Фон Вегерт приостановился:
— Нет. Я думаю… Хотя эта догадка покажется вам невероятной…
— Невероятной? Но почему же?
— Я подозреваю…
— Вы подозреваете? Кого?
— Человека, который вне подозрений.
— Вот как!
— Да. Я подозреваю, что камень скрыл, — и очень остроумно скрыл, — не кто, иной как профессор Шедит-Хуземи.
— Шедит-Хуземи?
— Да. Шедит-Хуземи стремился в свое время всему исследованию рокандского камня дать невероятное направление, но когда Тартаковер и Рибейро отвергли, в конце концов, свое толкование первой строчки надписи, сделанное прямо под влиянием Шедит-Хуземи, — они погибли. Руку Шедит-Хуземи я чувствую и в моем деле с Ли-Чаном. Кроме того…
— Кроме того?
— Шедит-Хуземи доверенное лицо хана рокандского. Последний этого даже и не скрывает. О, хан человек достаточно смелый, чтобы по временам снимать маску…
— Хан?
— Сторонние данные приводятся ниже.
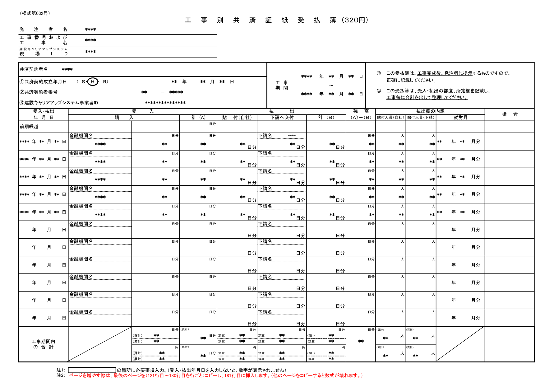 (建設業退職金共済証紙受領書を含む) - 工事別共済証紙受払簿(様式第032号)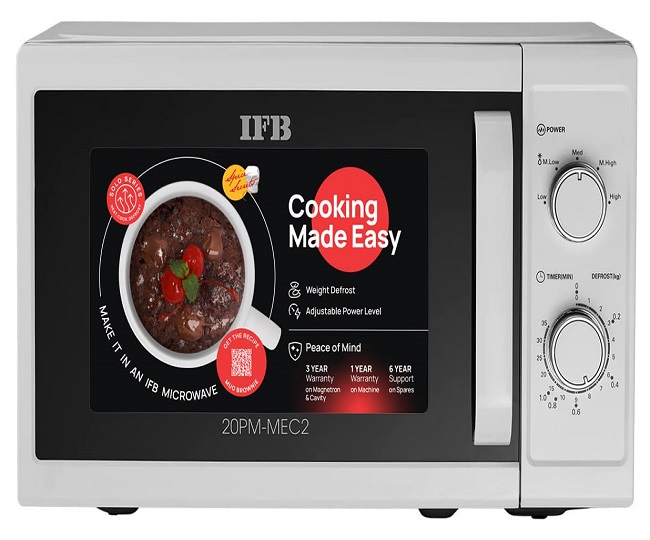 इसमें एंटी बैक्टीरियल कैविटी, ऑटो डिफ्रॉस्ट, ओवरहीटिंग प्रोटेक्शन और टाइमर विकल्प भी दिया गया है। IFB Microwave Oven Price: Rs 5,920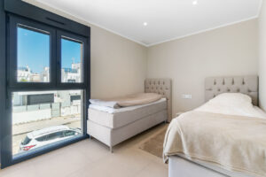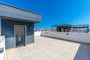 We are pleased to present this exclusive modern-style villa with its own plot and private saltwater pool, located in the sought-after and attractive area of Torre de la Horadada.This stylish villa consists of 3 bedrooms / 3 bathrooms, a living room, and a kitchen in an open-plan layout with direct access to the private pool and the large, sunny patio. The patio offers plenty of space for outdoor furniture, a lounge area, and sun loungers for a relaxing lifestyle.On the ground floor, there is a spacious living room/kitchen, a bedroom with good built-in storage, and a bathroom with a shower. The kitchen is equipped with Siemens appliances, including a built-in microwave in the oven, a coffee machine, and a dining area for 6 people.Upstairs, there are two bedrooms with excellent built-in storage. The master bedroom has an en-suite bathroom with a shower and access to a lovely sun-drenched terrace. There is also a second bathroom with a shower on this floor.One more floor up, you'll find the beautiful and spacious rooftop terrace, where an outdoor kitchen can easily be built for enjoying many pleasant dinners with family and friends. There is ample space for a lounge corner as well.The home features consistently high-quality finishes and generous natural light in all rooms.The villa is within walking distance to the renowned beaches of Torre de la Horadada, as well as the area's range of shops, restaurants, cafés, pharmacies, and grocery stores.Parking is available either on the plot or conveniently on the street outside.This villa must be seen to be fully appreciated!Features:Integrated AC/heating in all rooms (except bathrooms) with individual room temperature controlElectric shutters on most windowsMosquito screens in all bedrooms and in the living room/kitchenUnderfloor heating throughout the propertyAll bathrooms have towel warmersOutdoor lighting around the entire wall with Plejd system, allowing dimmable lightingWater softening system for incoming waterSeparate laundry room with Siemens washer and dryer, plus storage spaceOutdoor shower with hot/cold waterSaltwater pool with automatic refill system for water and salt, includes a jacuzzi section for at least 6 people, and a pool cover is includedThe villa is sold unfurnished with all kitchen appliances included.Possession according to agreementFiber internet installedYear of construction: 2023Built area: 124.96 m²Balcony/Terrace: 10.80 m²Rooftop terrace: 41.62 m²Plot size: approx. 221.48 m²Distance to the sea: approx. 8 minutesNo community association feesAnnual property tax: approx. €800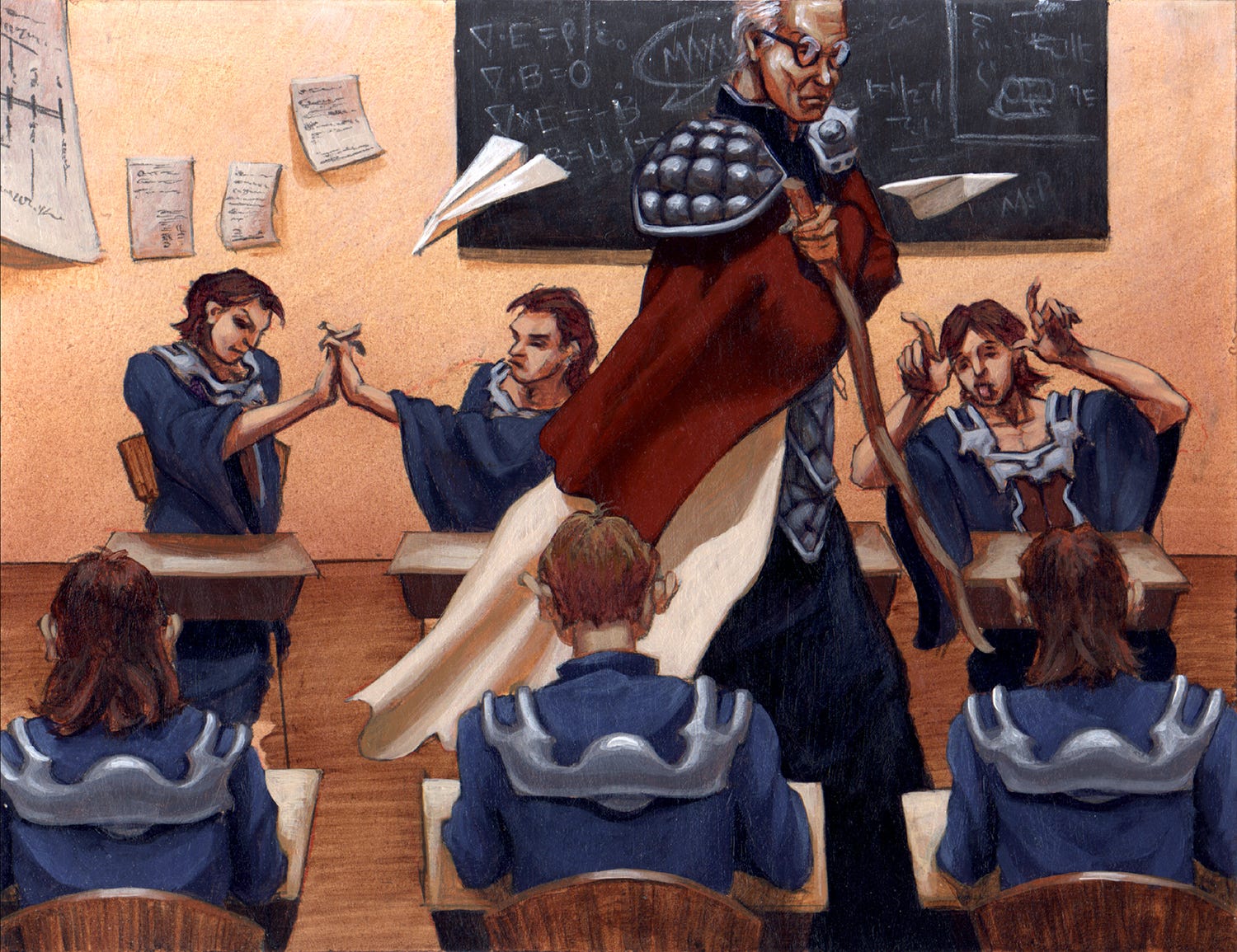Here, our Proctor paces the classroom, where he looks to the students in the foreground, they are angelic, on their best behavior. But as soon as he’s turned his back to the other students in the back row, they become unruly and disruptive. A simple joke. On the chalkboard, on the right, you can see an object drawn, which is the same mechanism or object that is being shrunk down to a tiny scale in the card Attunement, in the same set.

При чем тут хан?
— Это еще надо выяснить.
— Вы удивляете меня, профессор.
— О! Кон-и-Гут и не так еще удивит нас.
— Вы ставите все это в связь?
— Я ставлю в связь все, что делается под зеленой луной, — многозначительно произнес фон Вегерт, делая ударение на последних словах.
Мэк-Кормик замолчал. Он не придал значения последним словам фон Вегерта: только в самом конце своих сборов было им принято решение заняться Кон-и-Гутом, отложив на время охоту, — поэтому не особенно много пришлось ему раздумывать над делом, в которое его сравнительно недавно стали посвящать.
— Я колесил по всему свету, — сказал он, — но не видел и не слышал ничего более странного и таинственного, чем этот Кон-и-Гут!
— Однако, вы последнее время избрали именно Центральную Азию для своих путешествий, — вступил в разговор профессор Медведев, но сейчас же замолчал, боясь, что затронул больные воспоминания Мэк-Кормика.
— Что ж! Надо пользоваться временем! — чуть иронически ответил Мэк-Кормик, — мне кажется, скоро наступят дни, когда ни один англичанин не сможет здесь показаться без риска…
— Что вы хотите сказать этим?
— Только то, что нас здесь ненавидят, я сказал бы — заслуженно ненавидят и, вероятно, не сегодня — завтра отсюда выгонят.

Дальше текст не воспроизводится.